The admin can create a file that maps the users into their required accounting groups, and makes the attributes immutable, so they can’t be changed. The format of this map file is like other classad map files: Lines of three columns. The first should be an asterisk *. The second column is the name of the user, and the final is the accounting group that user should always submit to. For example,

* Alice     group_physics
* Bob       group_atlas
* Carol group_physics
* /^student_.*/     group_students

The second field can be a regular expression, if enclosed in //. Note that this is on the submit side, and the administrator will still need to create these group names and give them a quota on the central manager machine. This file is re-read on a condor_reconfig. The third field can also be a comma-separated list. If so, it represents the set of valid accounting groups a user can opt into. If the user does not set an accounting group in the submit file the first entry in the list will be used.

Running Multiple Negotiators in One Pool

Usually, a single HTCondor pool will have a single condor_collector instance running and a single condor_negotiator instance running. However, there are special situation where you may want to run more than one condor_negotiator against a condor_collector, and still consider it one pool.

In such a scenario, each condor_negotiator is responsible for some non-overlapping partition of the slots in the pool. This might be for performance – if you have more than 100,000 slots in the pool, you may need to shard this pool into several smaller sections in order to lower the time each negotiator spends.
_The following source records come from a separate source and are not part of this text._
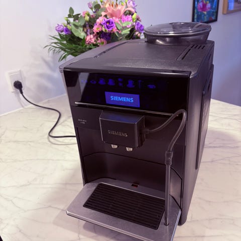 Siemens EQ fuldautomatisk espressomaskine i sølv og sort.
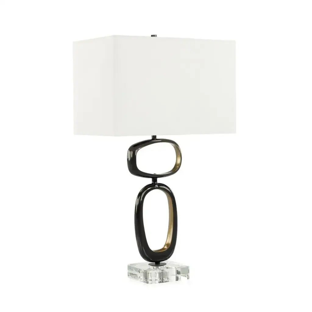 The Hollow Rings Table Lamp showcases a chic, contemporary color scheme accentuated by a masterful use of negative space. A stunning body with seductive curves is formed from two hollow rings, showcasing Black tones against Polished Brass. The piece rests gently atop a rounded base of clear crystal and features a cylindrical Bronze finial, emphasizing the sophisticated color palette.
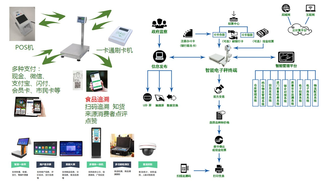 利用物聯(lián)網(wǎng)、云計(jì)算、大數(shù)據(jù)、人工智能、區(qū)塊鏈等信息技術(shù),為市場配備了智慧電子稱、商戶屏、攝像監(jiān)控等設(shè)備及智慧管理平臺(tái),涵蓋“市場、商戶、物業(yè)、經(jīng)營、場務(wù)、數(shù)據(jù)、設(shè)備”各方面管理,實(shí)現(xiàn)市場可管控、可感知、可追溯、合同電子化、收費(fèi)智能化、運(yùn)營智慧化、數(shù)據(jù)一體化,極大降低了人工成本。利用AI技術(shù),實(shí)現(xiàn)水電、停車、人員、防疫等的智能管理,促進(jìn)市場有序高效運(yùn)行,同時(shí)大數(shù)據(jù)實(shí)時(shí)記錄公開透明,產(chǎn)品價(jià)格、農(nóng)殘檢測、產(chǎn)品溯源、商戶證照信息一目了然,交易可追溯,讓老百姓的"菜籃子”拎得更舒心、放心、開心。
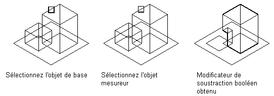 Un modificateur de soustraction booléenne soustrait un ou plusieurs objets d'un autre objet pour créer un nouvel objet. Le modificateur de soustraction booléenne utilise une formule de base lors de la création de l'objet résultant : les objets mesureur sont supprimés de l'objet de base. Pour afficher les résultats dans le modèle, les objets mesureur doivent couper l'objet de base. Lorsqu'il n'existe aucune intersection d'objets, les objets mesureur sont supprimés de l'objet de base sans aucune modification apparente dans le modèle.
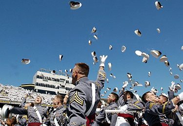 經(jīng)過數(shù)年的苦讀與磨煉之后,美國著名的西點(diǎn)軍校的畢業(yè)生終于“解放了”。圖為2004級畢業(yè)生在參加完他們的畢業(yè)典禮之后,紛紛將畢業(yè)帽甩向半空中,慶祝他們走出校門,踏上未來的“將軍之路”。
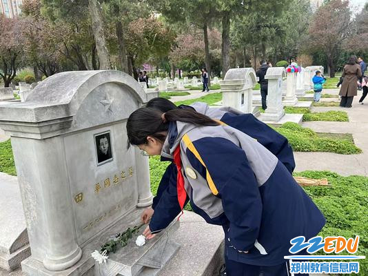 仪式结束后,师生们怀着崇敬的心情,有序瞻仰烈士墓,并敬献白菊向长眠于此的英烈们致以最崇高的敬意。随后,师生们步入中原英烈纪念馆。
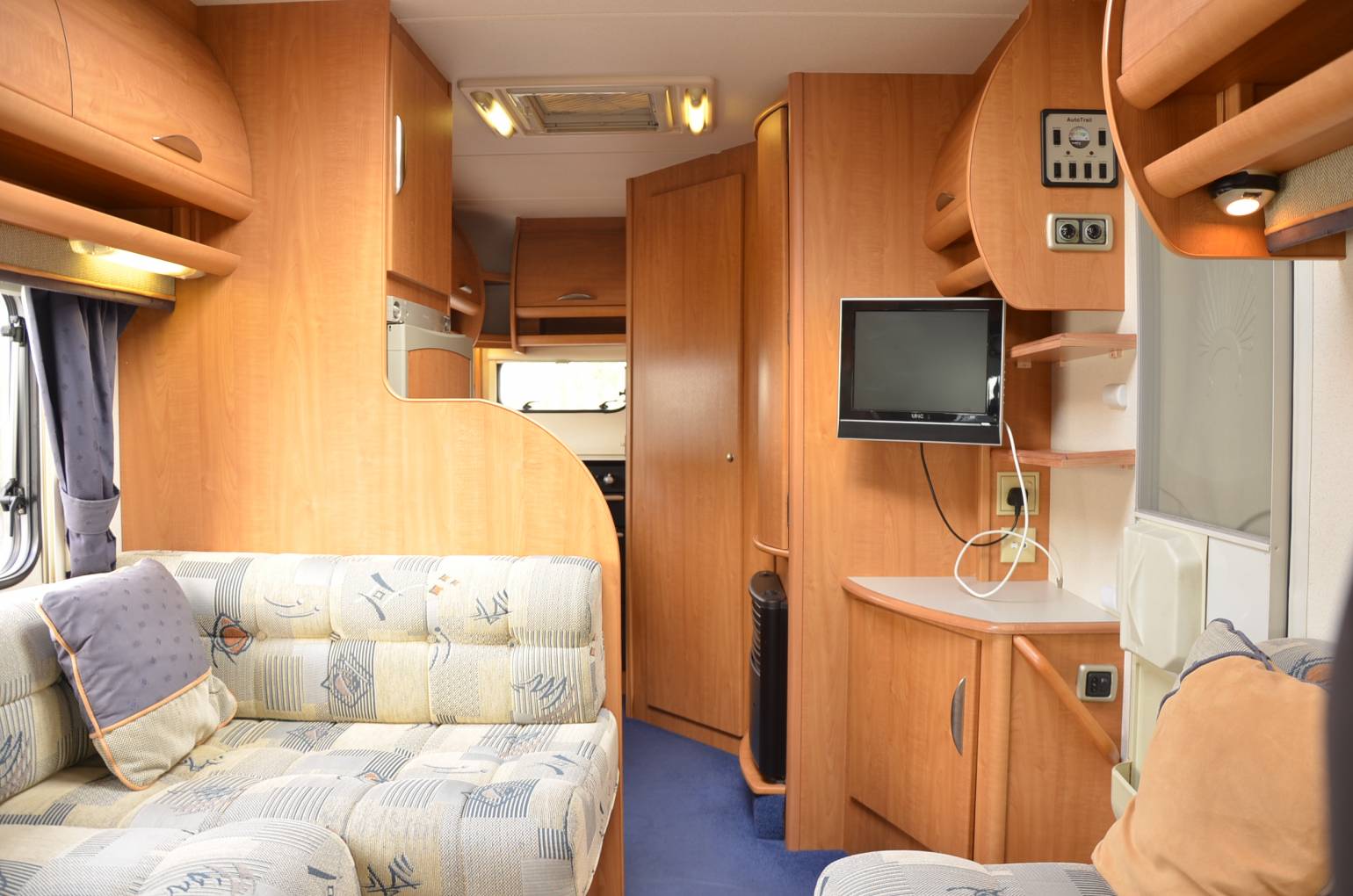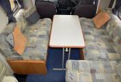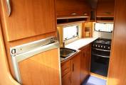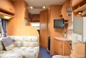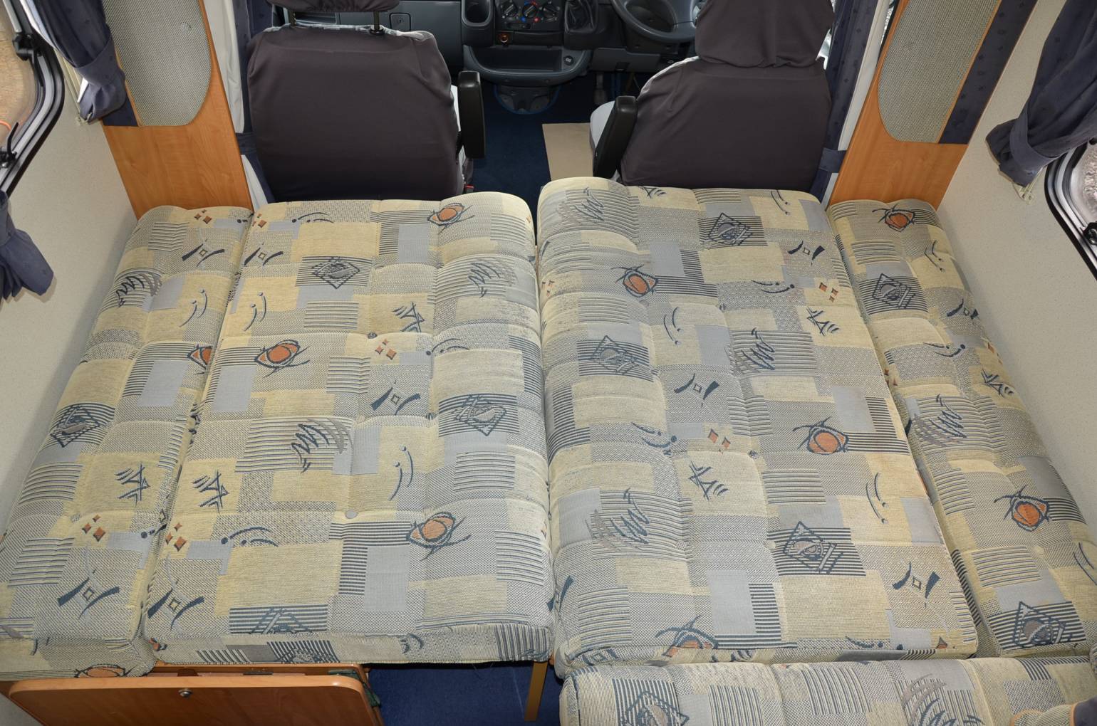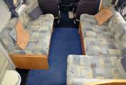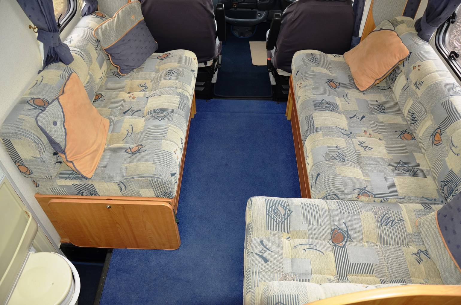 This 2003 Autotrail Apache 650se 4-berth motorhome is in tidy condition and comes with an MOT to September 2020 and had a cambelt change in 2017. The Fiat chassis has the 2.8 litre turbo diesel engine giving a good blend of power and economy and drives very nicely. The cab has electric windows and mirrors and an adjustable steering column making for comfortable driving. A feature of the the well lit front lounge and dining space is the large skylight, and this area converts easily into a double bed adjacent to the over cab bed; two lap belts are fitted for passengers travelling in the rear. The kitchen area behind has plenty of worktop and storage along with an oven, grill and hob, 3-way fridge and also a microwave. The corner washroom has a corner shower cubicle, wash basin and wc. The Truma blown air heating and hot water run off both gas and electricity so wild camping is no problem, and there is also a WiFi system fitted and TV/DVD player. In addition to the built-in fresh and waste water tanks there is an additional waste water container. Windows are fitted with night blinds and fly screens. A recessed wind-out awning is fitted along with a bicycle rack for two, an outside shower point and bbq point. Measures 6.9m including (removable) bike rack.

Because accounting is done at the the negotiator level, you may want to do this to have separate accounting and distinct fair share between different kinds of machines in your pool. For example, let’s say you have some GPU machines and non-GPU machines, and you want usage of the non-GPU machine to not “count” against the fair-share usage of GPU machines. One way to do this would be to have a separate negotiator for the GPU machines vs the non-GPU machines. At Wisconsin, we have a separate, small subset of our pool for quick-starting interactive jobs. By allocating a negotiator to only negotiate for these few machines, we can speed up the time to match these machines to interactive users who submit with condor_submit -i.

Sharding the negotiator is straightforward. Simply add the NEGOTIATOR entry to the DAEMON_LIST on an additional machine. While is is possible to run multiple negotiators on one machine, we may not want to, if we are trying to improve performance. Then, in each negotiator, set NEGOTIATOR_SLOT_CONSTRAINT to only match those slots this negotiator should use.

Running with multiple negotiators also means you need to be careful with the condor_userprio command. As there is no default negotiator, you should always name the specific negotiator you want to condor_userprio to talk to with the -name option.